Linguistics is based on theoretical as well as descriptive study of language, and is also interlinked with the applied fields of language studies and language learning, which entails the study of specific languages. Before the 20th century, linguistics evolved in an informal manner that did not employ scientific methods.[4]

Modern linguistics is considered to be an applied science as well as an academic field of general study within the humanities and social sciences.[6] Traditional areas of linguistic analysis correspond to syntax (rules governing the structure of sentences), semantics (meaning), morphology (structure of words), phonetics (speech sounds and equivalent gestures in sign languages), phonology (the abstract sound system of a particular language), and pragmatics (how social context contributes to meaning).[7] Subdisciplines such as biolinguistics (the study of the biological variables and evolution of language) and psycholinguistics (the study of psychological factors in human language) bridge many of these divisions.[8]

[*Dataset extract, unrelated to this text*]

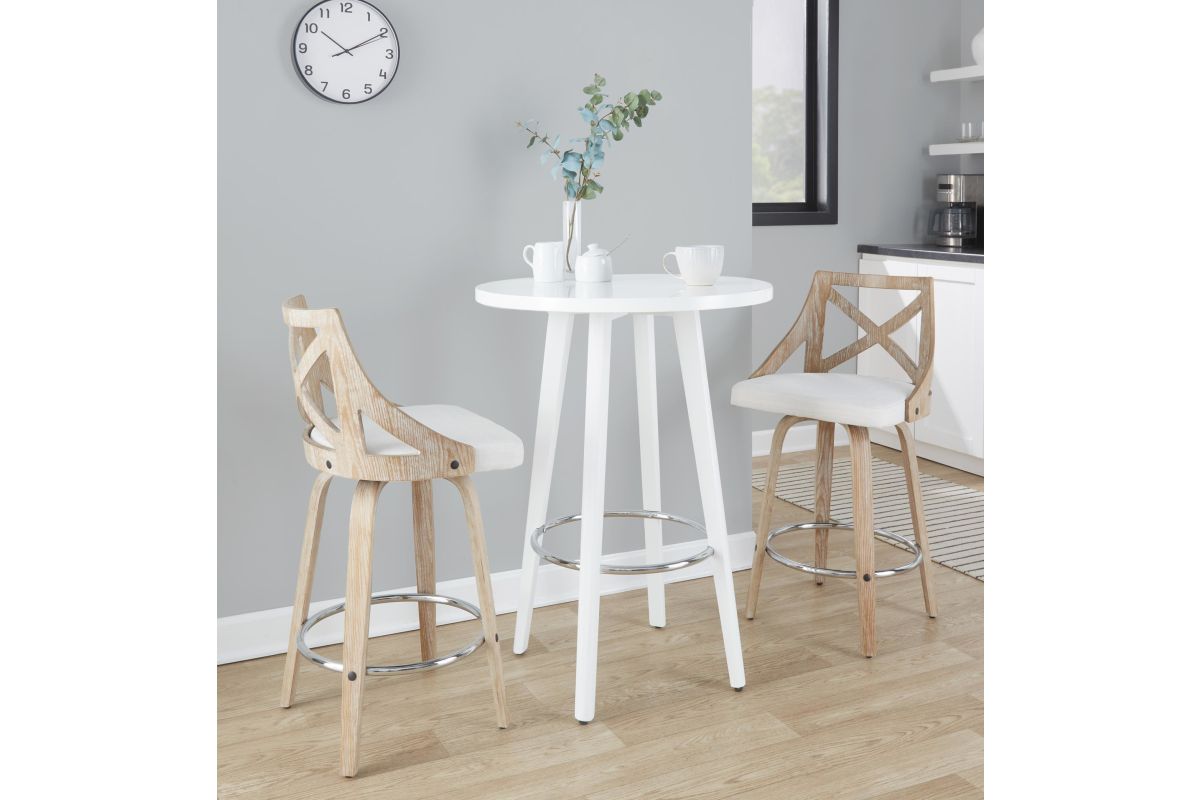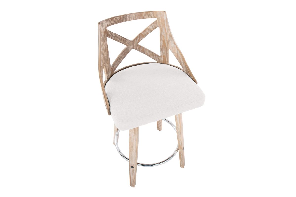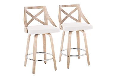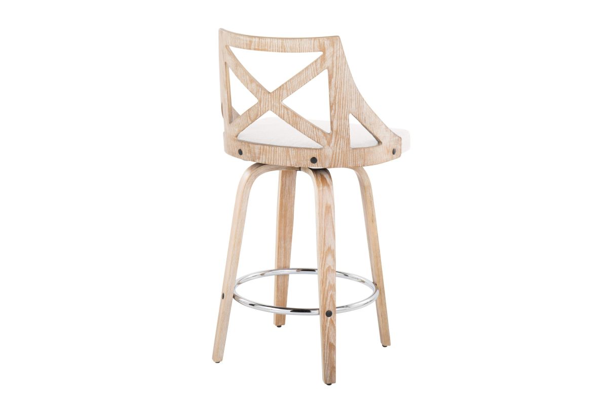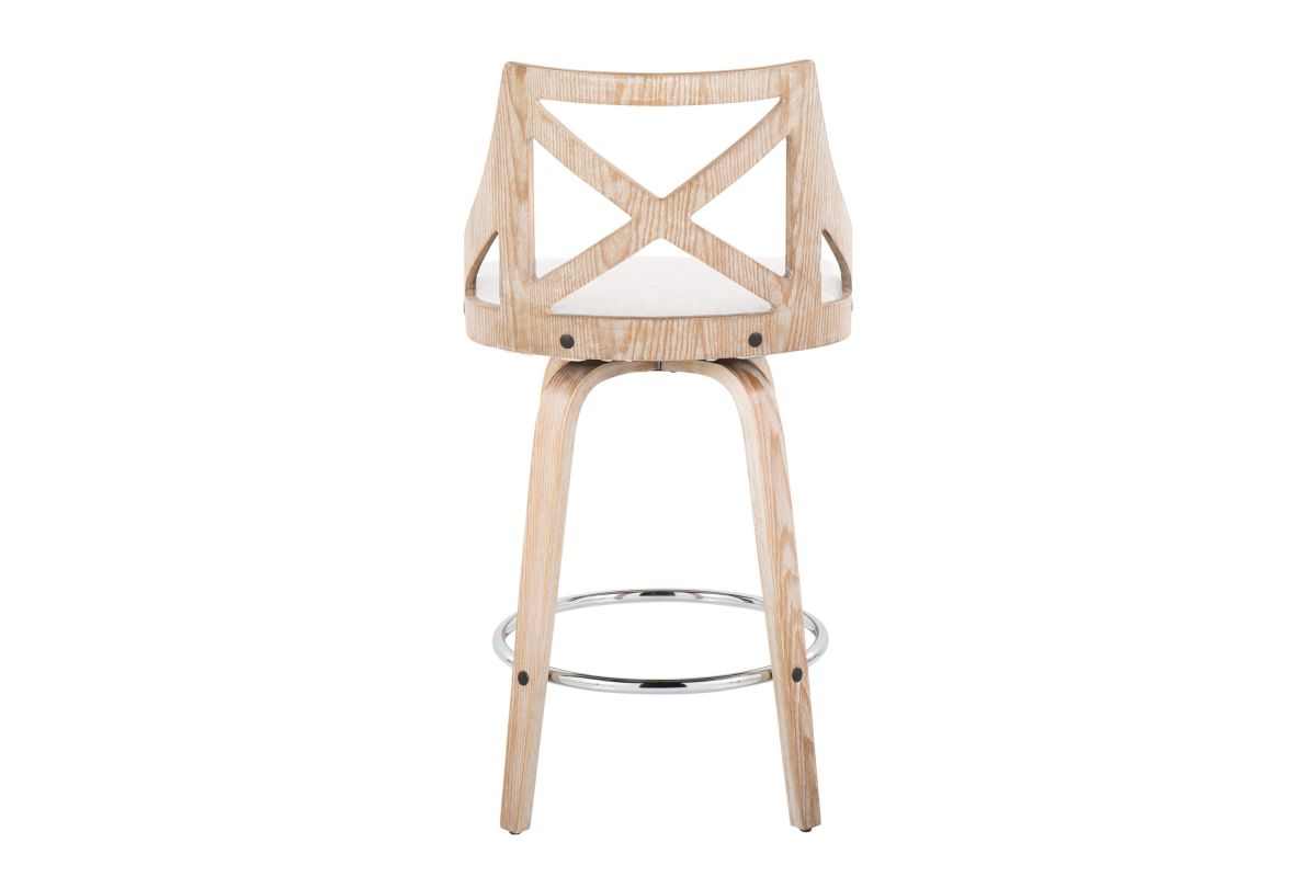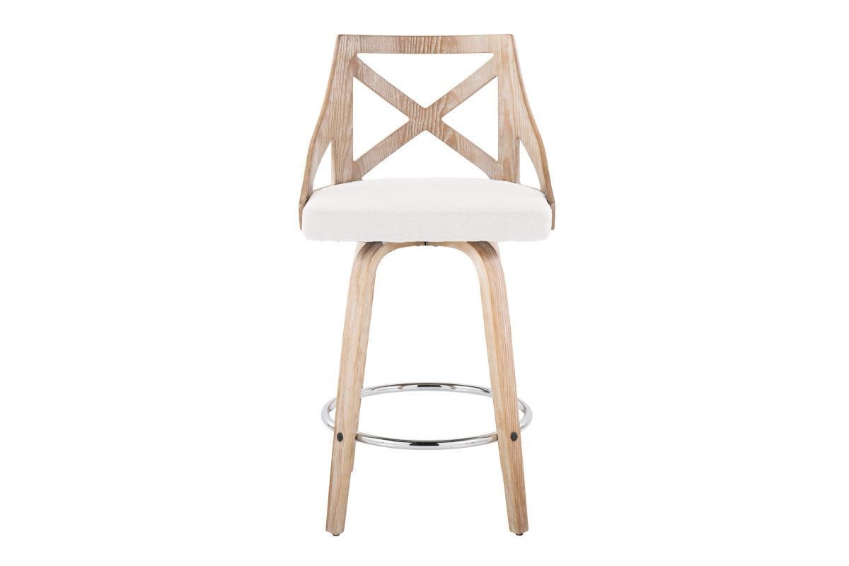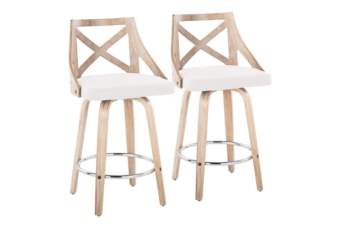 Spruce up your dining area with the Charlotte Fixed-Height Counter Stool by LumiSource. With elegant styling, the backrest shows off an X-shaped accent. Featuring white wash wood, fabric upholstery, and a swivel seat, the Charlotte Counter Stool beautifully straddles the line between traditional and farmhouse styles.

Linguistics encompasses many branches and subfields that span both theoretical and practical applications.[6] Theoretical linguistics (including traditional descriptive linguistics) is concerned with understanding the universal and fundamental nature of language and developing a general theoretical framework for describing it.[9] Applied linguistics seeks to utilise the scientific findings of the study of language for practical purposes, such as developing methods of improving language education and literacy.[10]

Linguistic features may be studied through a variety of perspectives: synchronically (by describing the shifts in a language at a certain specific point of time) or diachronically (through the historical development of language over several periods of time), in monolinguals or in multilinguals, amongst children or amongst adults, in terms of how it is being learned or how it was acquired, as abstract objects or as cognitive structures, through written texts or through oral elicitation, and finally through mechanical data collection or through practical fieldwork.[11]

Linguistics emerged from the non-scientific[4] field of philology, and both are now variably described as related fields, subdisciplines, or the latter[clarification needed] to have been[clarification needed] superseded by linguistics altogether.[12] Linguistics is also related to the philosophy of language, stylistics, rhetoric, semiotics, lexicography, and translation.